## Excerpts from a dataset
——————————

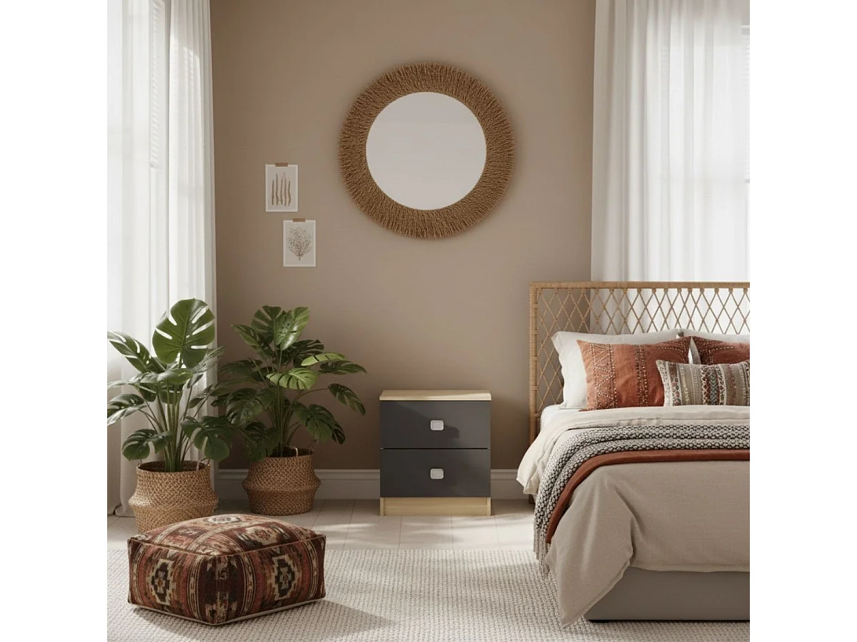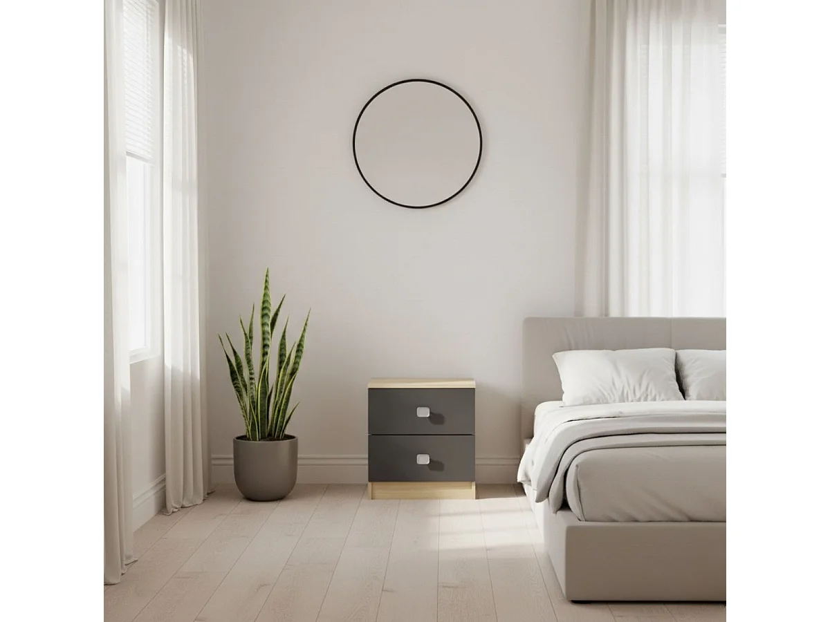 Mesita de noche Donald 2 cajones puccini/grafito 53,8x44,6x33,5 cm
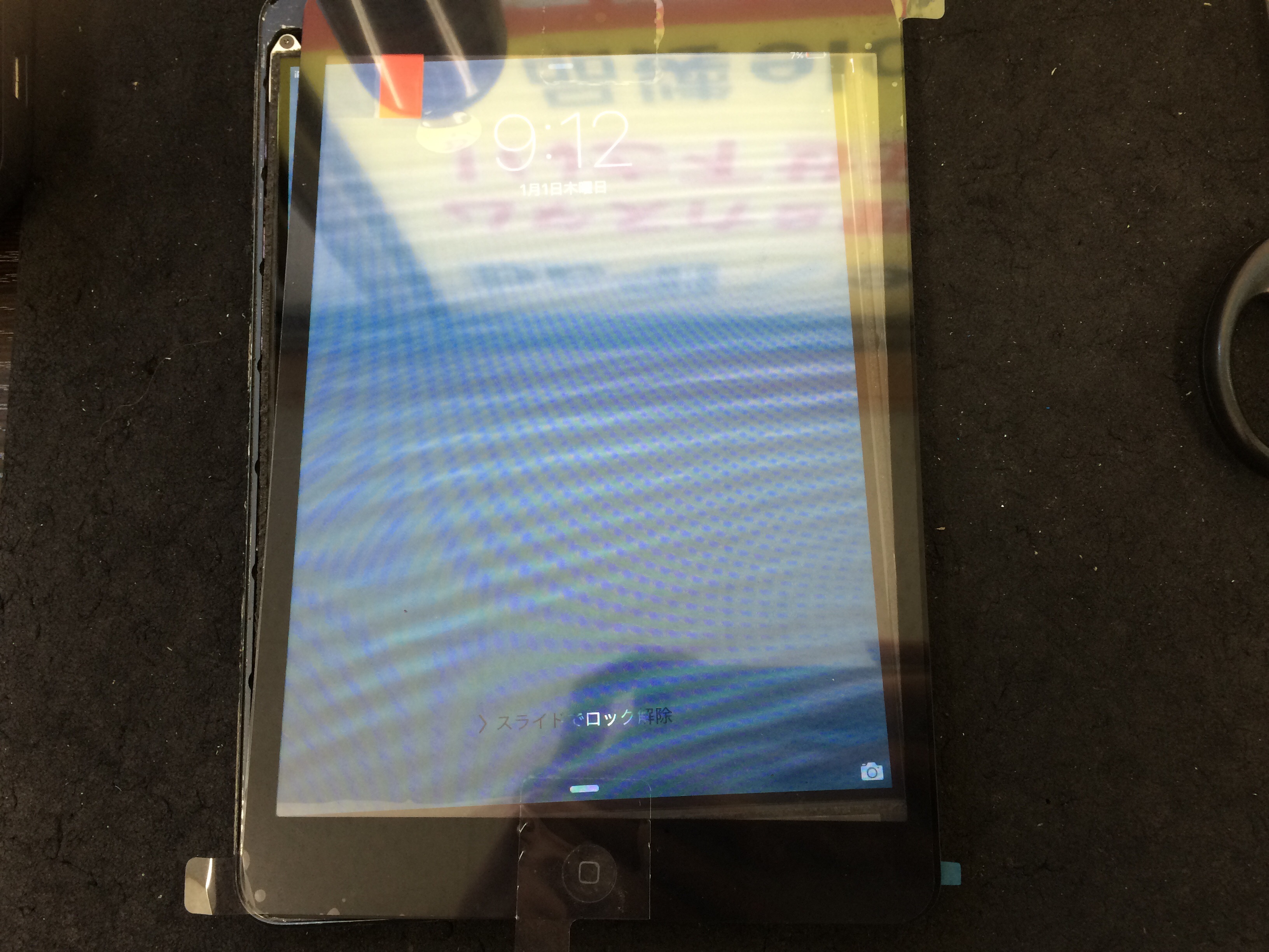 iPad miniの液晶パネルは非常に薄い作りの為慎重に作業しないと液晶も割ってしまうことになります。
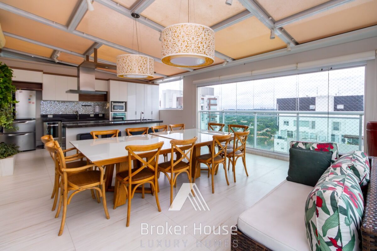 Varanda gourmet, integrada com a cozinha totalmente equipada e com a sala de jantar e a sala de estar. Lavabo. 2 suítes, a master com closet e varanda privativa.
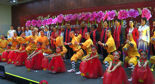 少林功夫表演结束后,现场观众纷纷起身,跟随小师傅一起学习太极拳的几种招式。野马分鬃、白鹤亮翅、搂膝抝步……现场观众认真模仿小师傅的一招一式,在练习太极的过程中体会东方智慧。演出结束后,现场观众集体鼓掌致意,久久不愿离场,争相与演员合影。
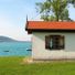 Das kleine Holzgebäude am Attersee verfügt über dreiseitige Fenster und eine Glastür, ausgestattet mit grundlegenden Möbeln und einem Klavier.
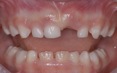 拝見したところ、右下前歯の乳歯が本来抜ける時期より早くに抜けていました。
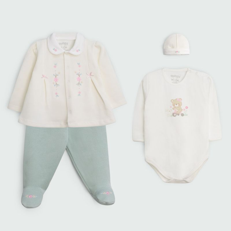 Este ajuar incluye piezas básicas y funcionales para el día a día, pensadas para facilitar el cambio de ropa y el cuidado del bebé. Su confección de alta calidad garantiza una excelente resistencia al uso y al lavado, conservando su textura suave y su forma original.
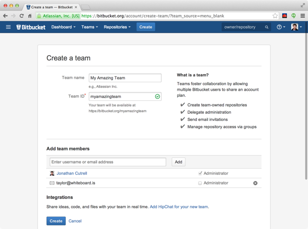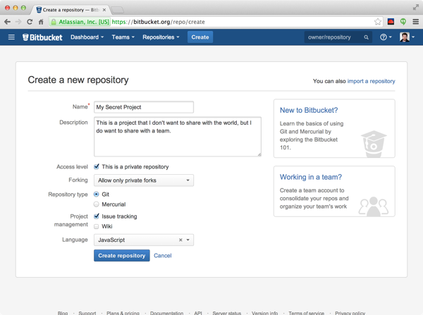 Signing up for Bitbucket is incredibly easy. Head over to the homepage and enter your details. If you need to go ahead and sign up your team, go to this page instead, and choose your plan from the dropdown menu.
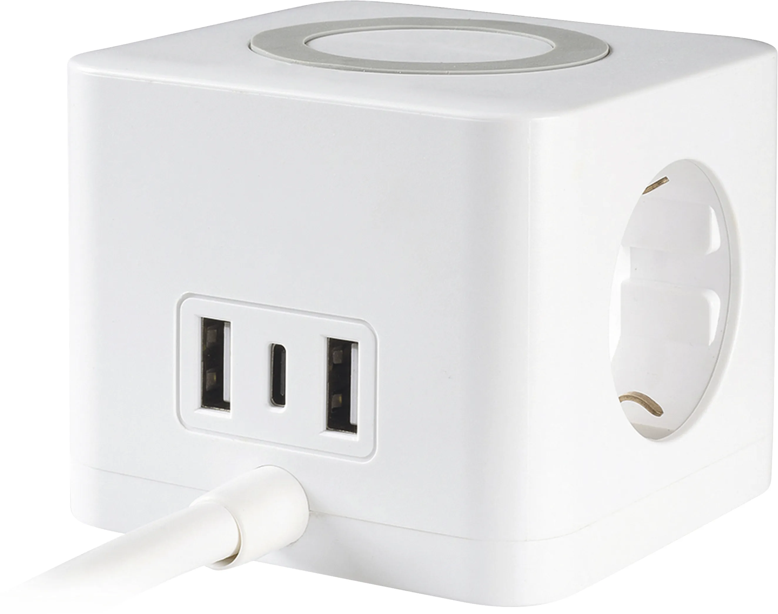 Maximale Flexibilität für Zuhause, das Büro oder unterwegs: Mit dem 3-fach Steckdosenwürfel m. 2x USB-A + 1x USB-C in elegantem Weiß von smartgoods.de bringen Sie ordentlich Power an jeden Platz. Dank drei Schuko-Steckdosen, zwei USB-A Anschlüssen und einem modernen USB-C Port laden Sie Ihre Geräte kompakt, sicher und besonders komfortabel – alles mit nur einem Würfel!
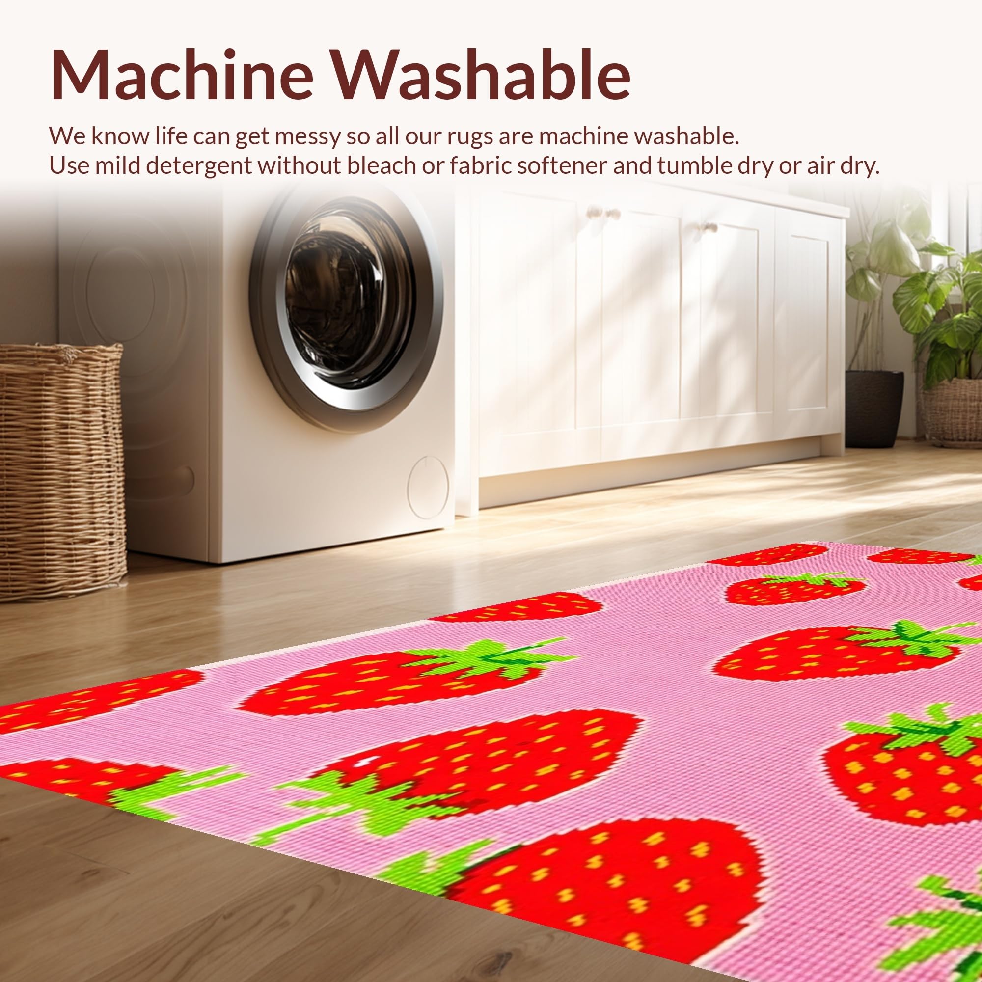 - Machine Washable: Our rugs can be easily thrown in the wash machine.

——————————

## What to work on
Pictures excluded, print only the lines from the one with "Signing up for" through the end of the entries above, exactly as written.

## Reply
 Signing up for Bitbucket is incredibly easy. Head over to the homepage and enter your details. If you need to go ahead and sign up your team, go to this page instead, and choose your plan from the dropdown menu.
 Maximale Flexibilität für Zuhause, das Büro oder unterwegs: Mit dem 3-fach Steckdosenwürfel m. 2x USB-A + 1x USB-C in elegantem Weiß von smartgoods.de bringen Sie ordentlich Power an jeden Platz. Dank drei Schuko-Steckdosen, zwei USB-A Anschlüssen und einem modernen USB-C Port laden Sie Ihre Geräte kompakt, sicher und besonders komfortabel – alles mit nur einem Würfel!
 - Machine Washable: Our rugs can be easily thrown in the wash machine.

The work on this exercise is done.